Segment Open
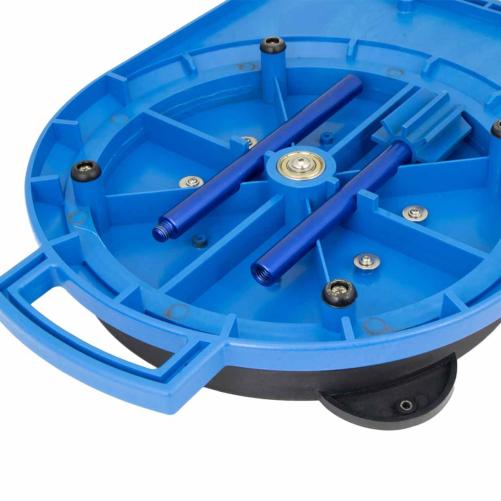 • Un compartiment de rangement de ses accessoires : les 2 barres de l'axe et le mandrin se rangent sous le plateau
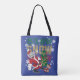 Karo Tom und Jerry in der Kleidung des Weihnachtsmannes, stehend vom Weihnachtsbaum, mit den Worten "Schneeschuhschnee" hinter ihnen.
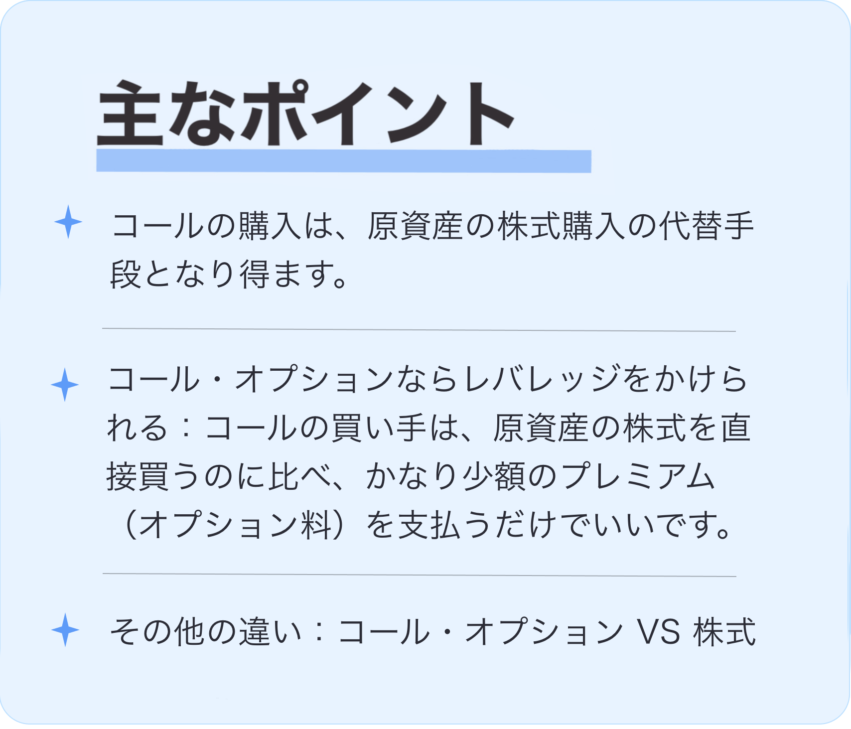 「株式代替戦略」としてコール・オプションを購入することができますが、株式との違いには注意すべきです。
Segment Closed
Segment Open
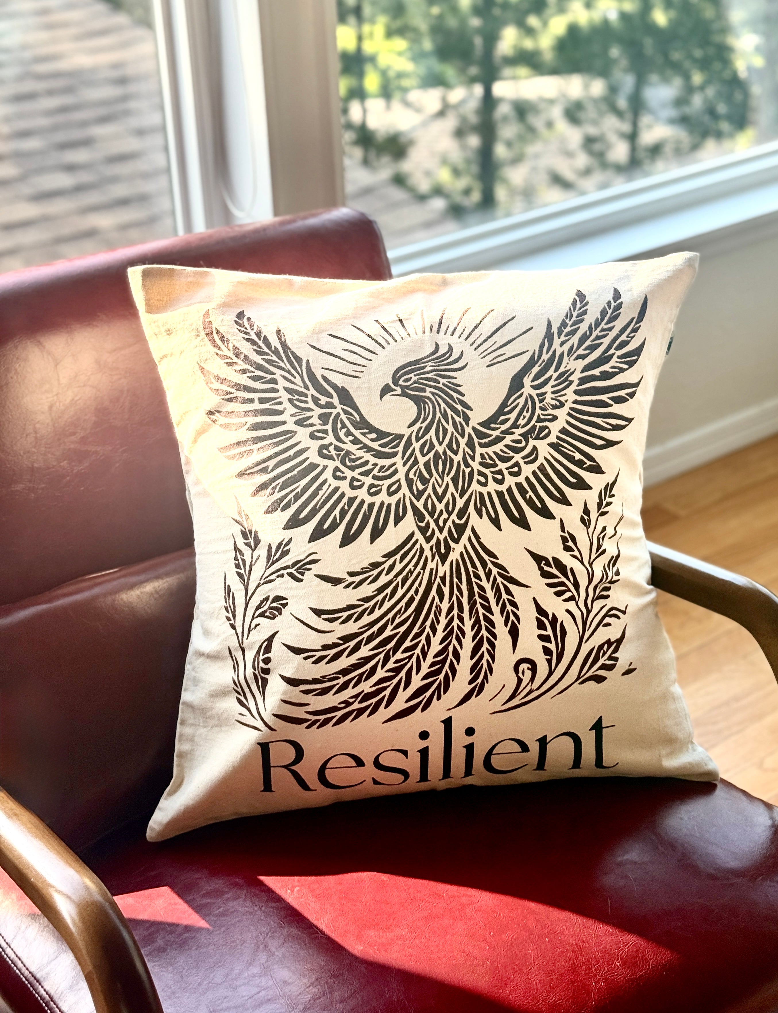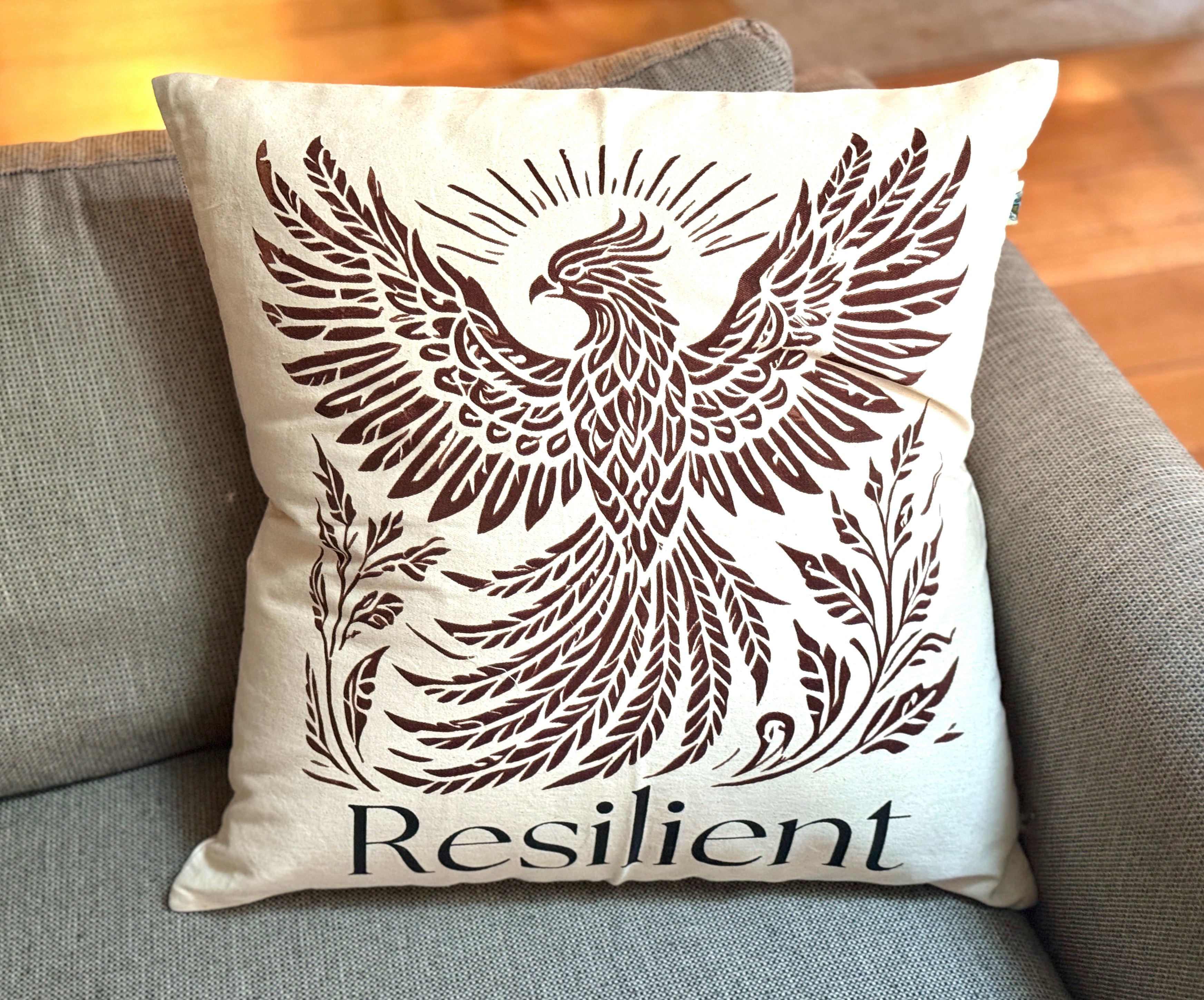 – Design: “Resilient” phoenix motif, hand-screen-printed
Segment Closed
Segment Open
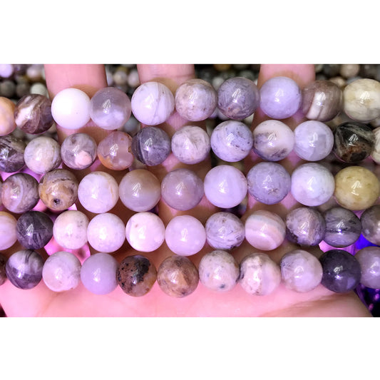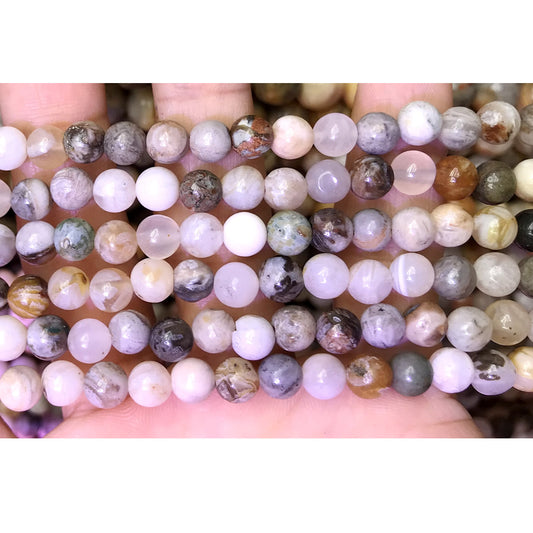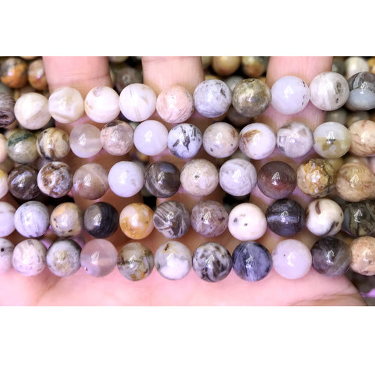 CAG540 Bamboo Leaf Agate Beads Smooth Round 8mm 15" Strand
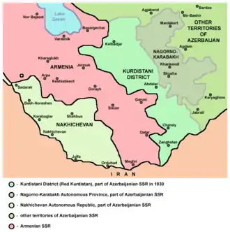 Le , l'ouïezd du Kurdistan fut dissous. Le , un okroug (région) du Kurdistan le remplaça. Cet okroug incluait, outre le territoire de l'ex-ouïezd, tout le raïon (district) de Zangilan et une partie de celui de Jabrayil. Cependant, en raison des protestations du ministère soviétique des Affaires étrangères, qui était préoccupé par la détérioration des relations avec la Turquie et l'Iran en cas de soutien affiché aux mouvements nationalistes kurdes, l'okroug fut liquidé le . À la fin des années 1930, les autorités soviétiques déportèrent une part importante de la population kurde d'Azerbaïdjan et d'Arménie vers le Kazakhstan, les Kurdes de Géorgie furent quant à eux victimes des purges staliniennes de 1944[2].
Segment Closed
TRY IT
Would you set down only the lines above from the line with "CAG540 Bamboo Leaf" to the line with "Le , l'ouïezd", both included, exactly as they stand and without the pictures?

SOLUTION TO THIS PROBLEM
 CAG540 Bamboo Leaf Agate Beads Smooth Round 8mm 15" Strand
 Le , l'ouïezd du Kurdistan fut dissous. Le , un okroug (région) du Kurdistan le remplaça. Cet okroug incluait, outre le territoire de l'ex-ouïezd, tout le raïon (district) de Zangilan et une partie de celui de Jabrayil. Cependant, en raison des protestations du ministère soviétique des Affaires étrangères, qui était préoccupé par la détérioration des relations avec la Turquie et l'Iran en cas de soutien affiché aux mouvements nationalistes kurdes, l'okroug fut liquidé le . À la fin des années 1930, les autorités soviétiques déportèrent une part importante de la population kurde d'Azerbaïdjan et d'Arménie vers le Kazakhstan, les Kurdes de Géorgie furent quant à eux victimes des purges staliniennes de 1944[2].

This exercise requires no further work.